As far as excusing the whole thing as an informality of speech, Friend O’Reilly makes his living with the language and can certainly be regarded as a professional quality word smith. I can’t believe for a minute that this can all be marked down as a mere slip of the tongue, especially since the claim was repeated a number of times.

I checked with my friendly B&N for Frankin’s new book. They (not we) won’t have it until mid-September.

No sin there, if you ask me. Chopra’s a plagiarizing dick in addition to being a bottle of warmed-over smegma for all the pseudo-scientific Ayurvedic “medicine” crap he peddles on a constant basis.

Please. Bill O’Reilly is paid to be a loud, obnoxious, sanctimonious blowhard. He is not paid for the precision with which he uses the English language. Indeed, I daresay anyone who has listened to him speak for any length of time would have to conclude that he is decidedly imprecise in his wordplay.

Hypertechnical parsing is the province of lawyers and press secretaries.

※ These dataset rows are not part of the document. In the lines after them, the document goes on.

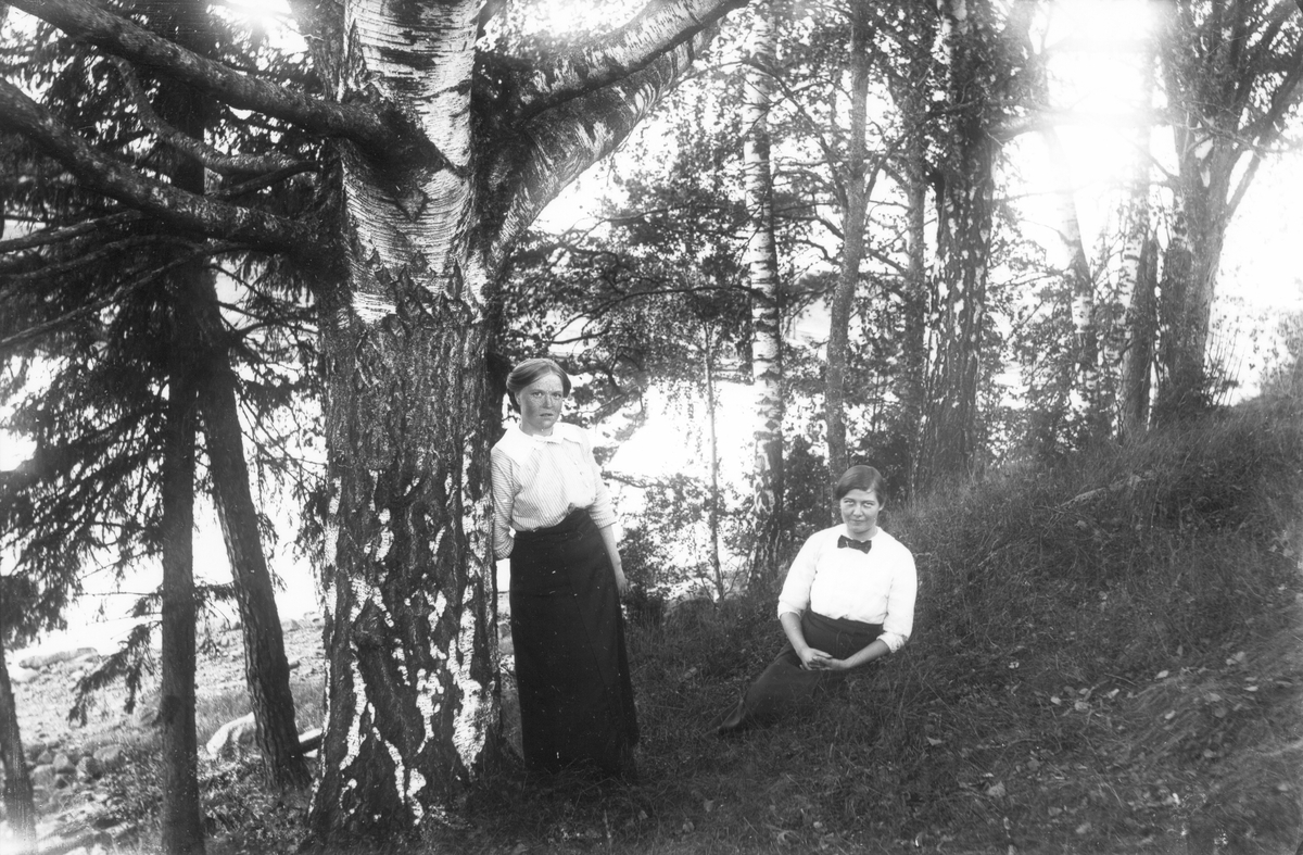 Till vänster "Stina på Näset", Stina Nilsson, född 1896, förr Voxsätter 1, nu Voxsätter 14:1, till höger Brita Persson, född 1894, Lenninge 6:14.
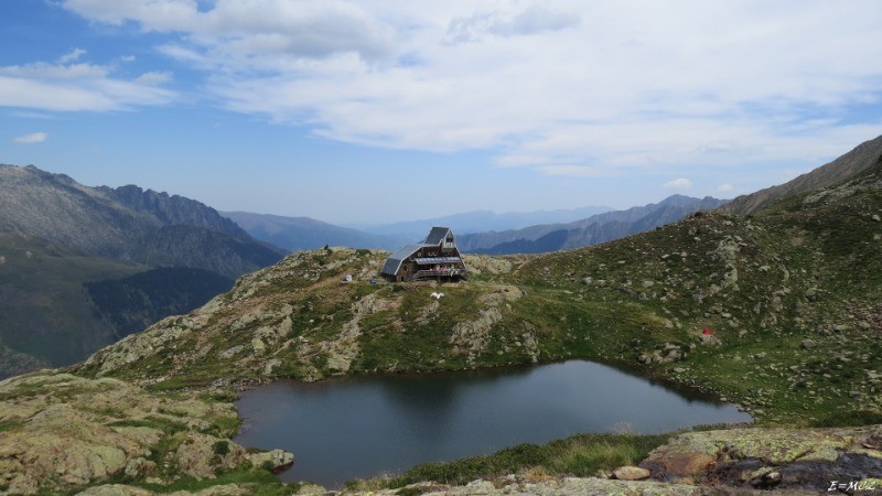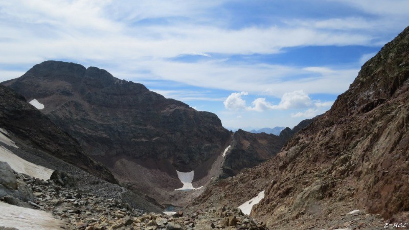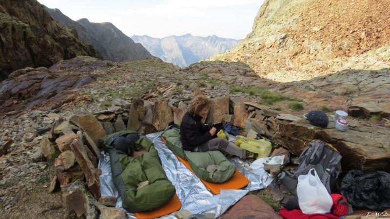 Après le refuge, le ventre un peu lourd, on a continué sur le sentier du Montcalm. A 2900 m d'altitude on aborde un vallon axé est - ouest, sur la gauche on continu vers le Montcalm, descendre sur la droite vers l'Etang de la Coumette d'Estats et le Port de Sullo. Suivre le sentier sur la rive gauche du vallon et le quitter à l'approche de l'étang pour aller vers le déversoir sur la droite et faire une centaine de mètres pour trouver l'aire de bivouac.
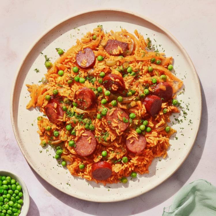 Riz fondant, chorizo bien choisi, oignon doux, petits pois verts et paprika fumé : l’équilibre est net.
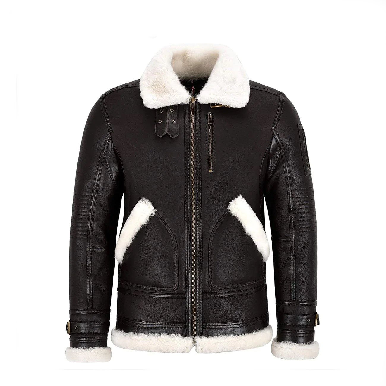 New Sheepskin B3 Leather Bomber Jacket Brown For Men
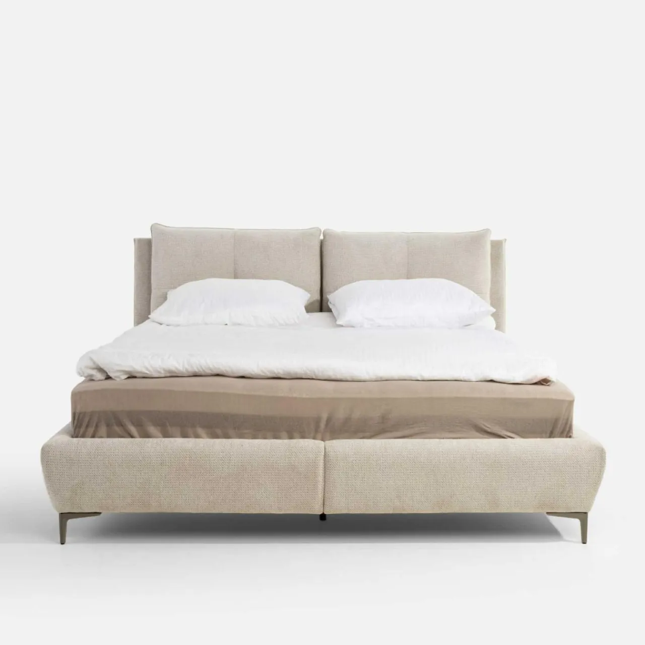Marzy Ci się minimalistyczna sypialnia? Łóżko AURA w kolorze chłodnego beżu wpisze się w jasny wystrój sypialni. Docenisz je za wysokie nóżki, które ułatwią Ci codzienne porządki.
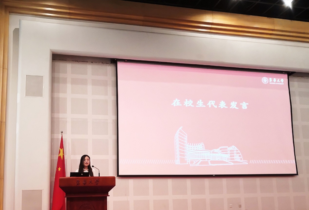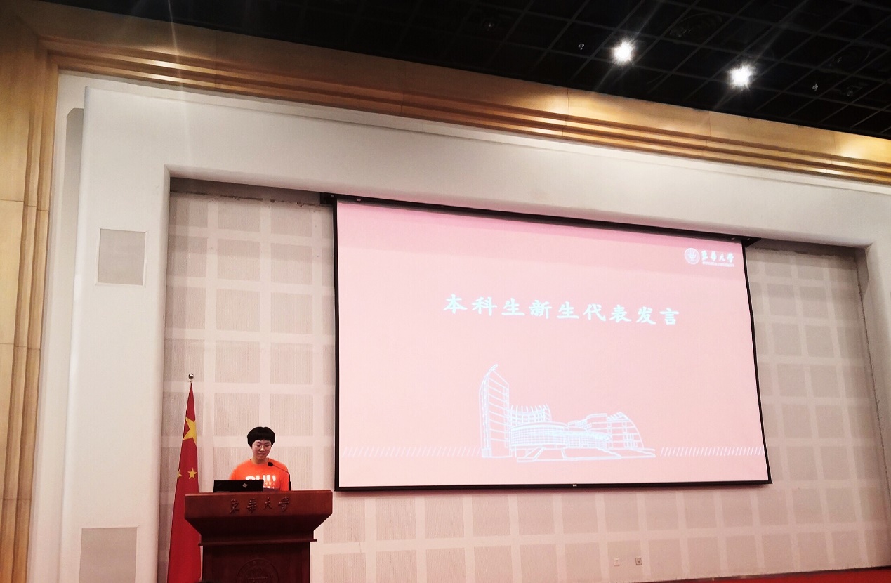 轻化(中德)1901班马誉菡同学作为本科新生代表发言,她分享了初入大学、进入东华校园的真实感受,表达了对学生生活的美好憧憬,报效祖国的责任担当,并号召同学们在大学期间学会做人,学会感恩,学会做事和学会学习。
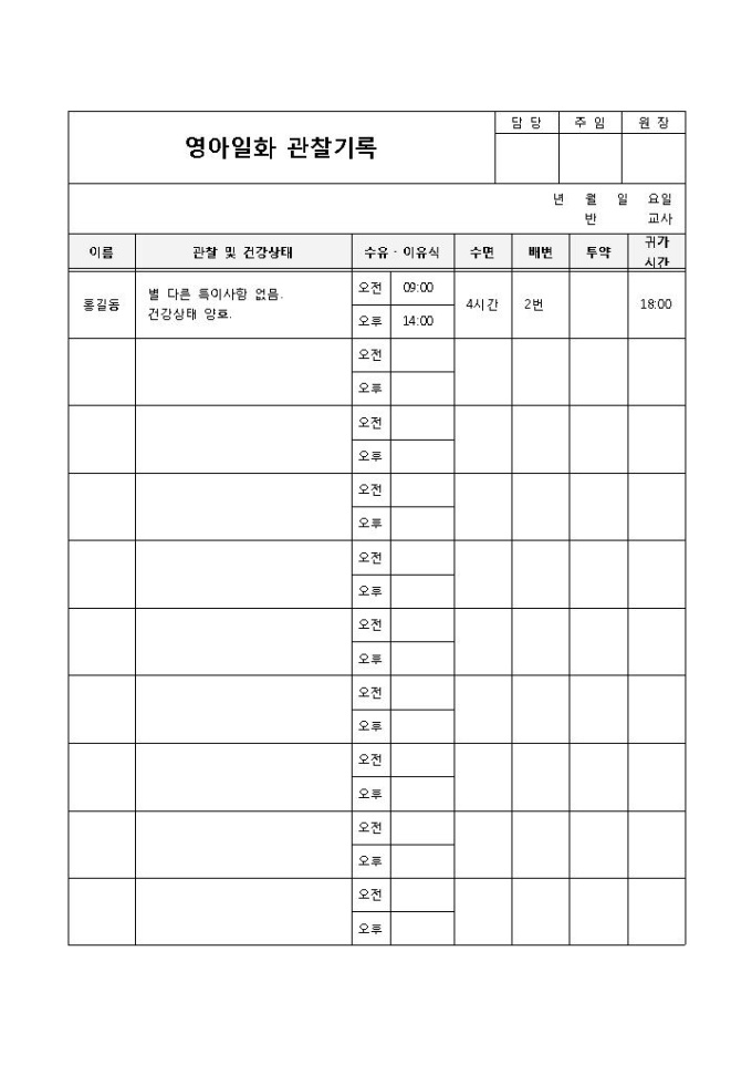 9,000원/월보육기관에서 영아의 일화를 관찰하거나 기록할 때 사용되는 영아일화 관찰기록 양식입니다. 이름, 관찰 및 건강상태, 수유, 이유식, 귀가시간 등의 항목으로 구성되어 있습니다.
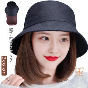 帽子付きウィッグ ボブ バケットハット 毛付き帽子 ストレート オールシーズン 医療用 かつら かつら付き ウィッグ付き 髪付き
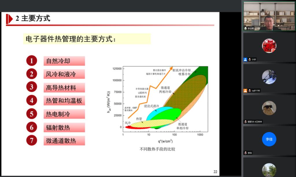 点击:2022年5月13日,山东大学能源与动力工程学院党委书记辛公明教授,应邀在线为捷报比分下载 师生作题为“电子器件热管理技术”的学术报告。会议由院长张强主持,捷报即时比分 、能源学院、材料学院等200余名师生参加了报告会。
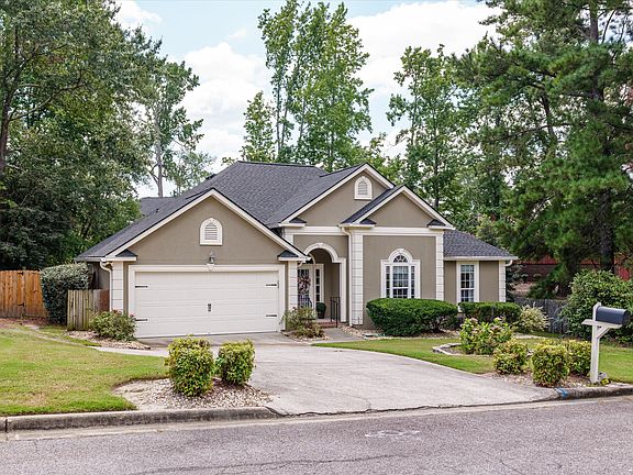 with split bedrooms, eat-in kitchen, formal dining room and a walk-in pantry that could also be used for a great home office. Upgrades include new roof replaced, newer water heater, HVAC is 3 years old, new leaf filter system, gas logs are 2 years old and hall bath with updated tile surround walk-in tub. Primary bedroom opens to back porch and features a fabulous custom bath with double vanity, tiled shower, extra cabinet space and a large walk-in closet. Garage offers ample storage and there is a side parking pad. Covered rear porch is perfect for enjoying peaceful evenings overlooking the back yard. So close to schools, shopping, medical, interstate and Fort Gordon.
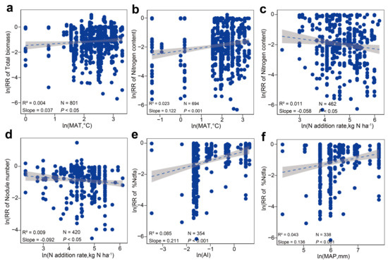 Relationship between growth traits, nitrogen fixation indicators and environmental factors in legumes under nitrogen enrichment. The dashed line and the grey thick-shaded line are the means of the slopes and the 95% confidence intervals of the correlation analyses, respectively. N indicates the sample size, slope > 0 indicates a positive correlation, slope < 0 indicates a negative correlation, and p < 0.05 indicates a significant correlation. (a) MAT and Total biomass; (b) MAT and Nitrogen content; (c) Nitrogen addition rate and Nitrogen content; (d) Nitrogen addition rate and Nodule number; (e) Al and %Ndfa; (f) MAP and %Ndfa.
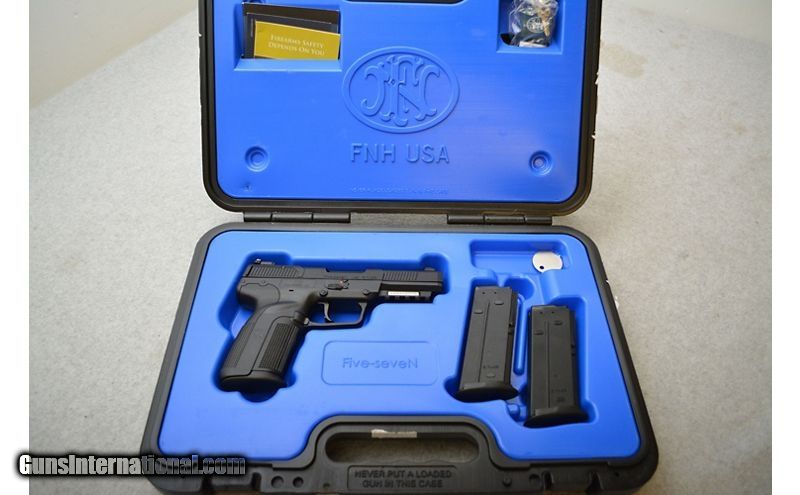Description: Very good to excellent condition overall. Pistol appears to be almost like new with minimal signs of use/wear. Comes with the factory case and papers, cable lock, and a total of 3 magazines. 5.7X28mm SOLD Chambers: Semiautomatic fed from detachable magazines. Metal Condition: What metal can be seen is in excellent condition. Wood Condition: Frame is in excellent condition. Bore Condition: Excellent. Like new shine and rifling. Barrels: Cold hammer-forged stainless steel. Triggers: Wide matte blued metal with grooved surface. Stock Dimensions: N/A Fore End: 5-Slot accessory rail. Butt Pad: Matte black polymer frame. Weight: 1lb 8oz Sights: Fixed front blade and adjustable rear. Chokes: N/A Item Location: Green Bay |
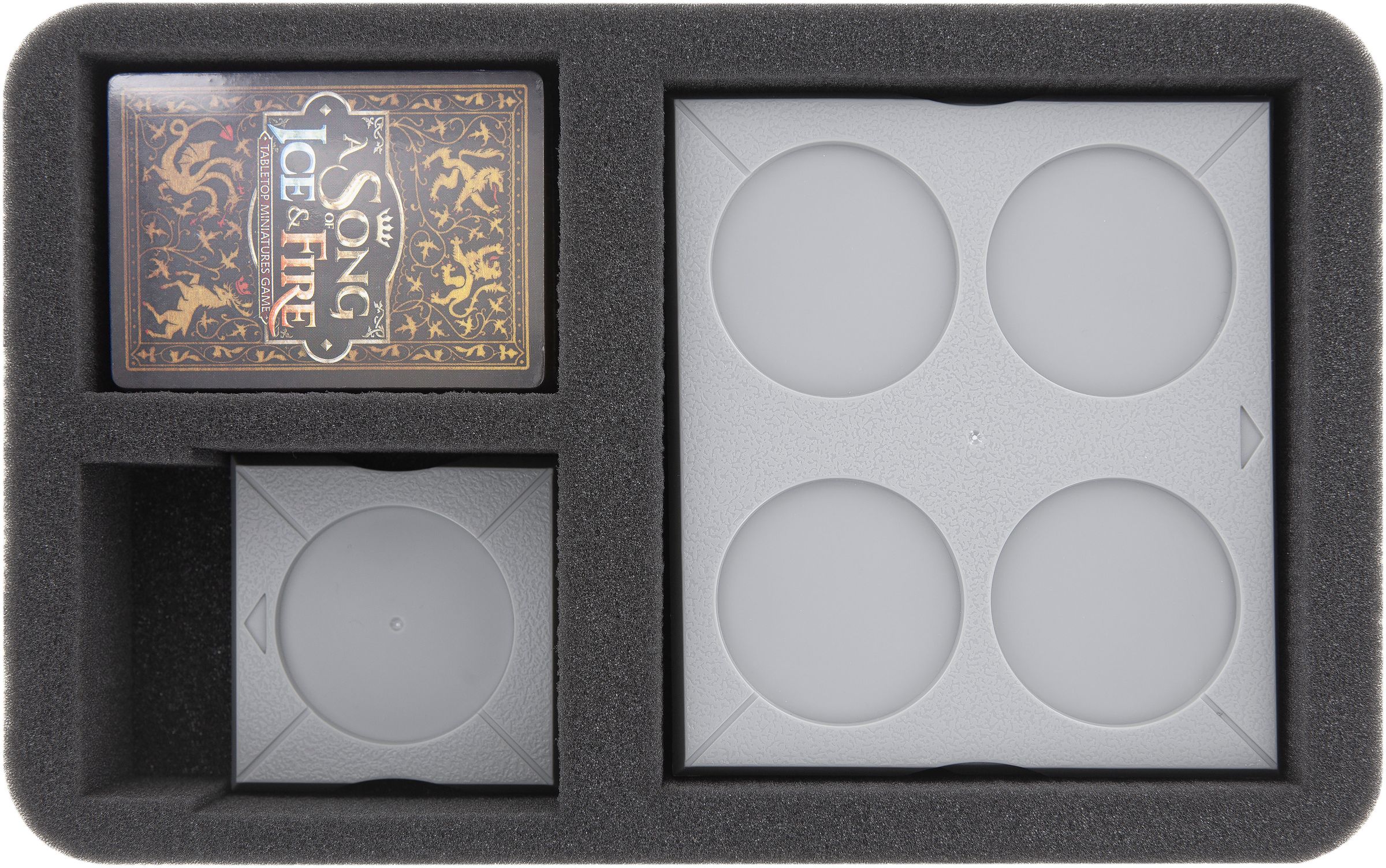7 precisely fitting foam trays offer space for all 103 miniatures of the Starter Set 'Stark vs. Lannister'. From Tyrion Lannister, to the outriders of the Starks, to 'The Mountain' Ser Gregor Clegane, every miniature gets the suitable compartment.
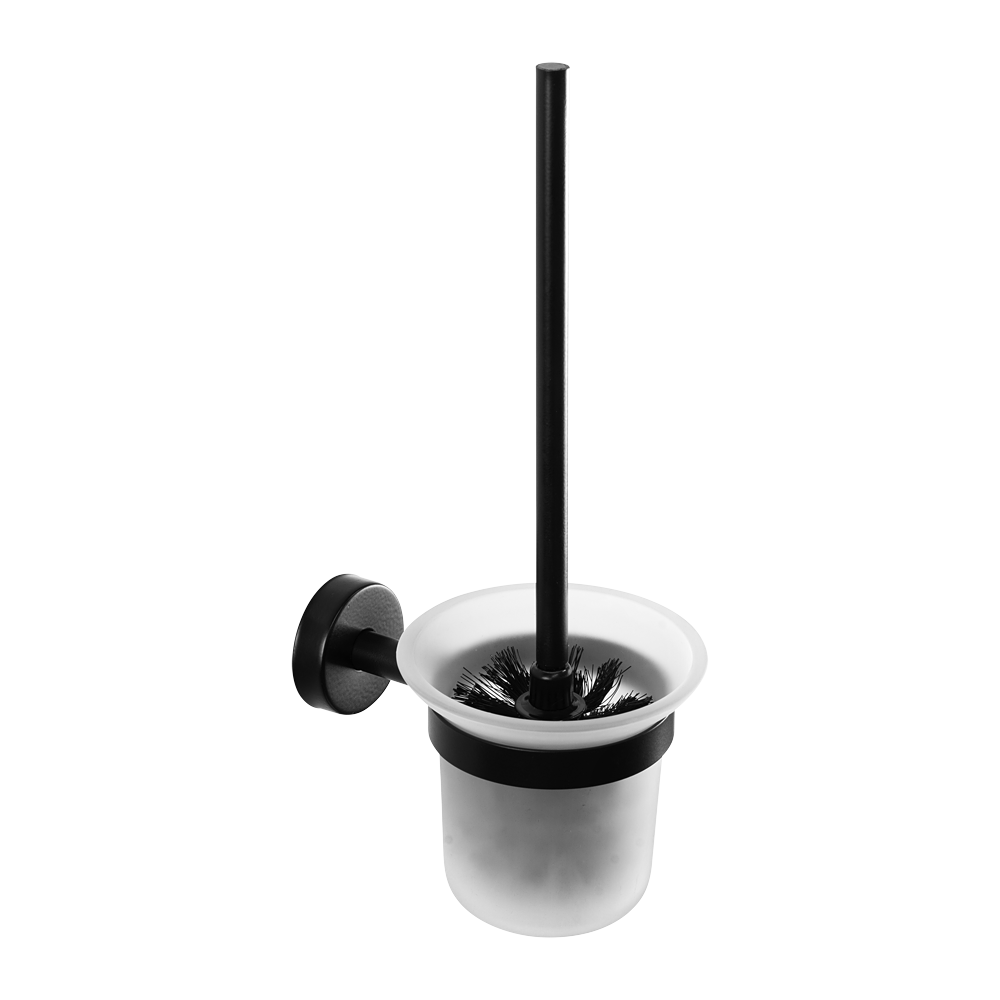 Rozsdamentes acél WC-kefe üveggel, fekete matt kivitelben

I suspect “The Ari Fleischer Factor” wouldn’t get very good ratings.

The simple fact is, context makes what O’Reilly was saying quite clear: namely, Inside Edition is a quality television program that he was proud to be associated with, and that quality is evidenced by its reciept of the Polk award. It is foolish and immature to play “gotcha” by suggesting he meant something more.

This isn’t hypertechnical parsing, Dewey. O’Reilly is in essence lying on his resume, and I don’t believe for a second that his wording isn’t chosen precisely so that he could try to weasel his way out of the lie using precisely the argument you’re giving. It’s hardly uncharacteristic - it’s much the same as his “working class” background in a white collar family, etc. Anyways, spin is all about hypertechnical parsing of ambiguous statements, and Bill’s a master of it. I can’t see any reason to give him a pass on this one, though it’s hardly an aggregious sin. He’s done plenty of other things I despise him for far more.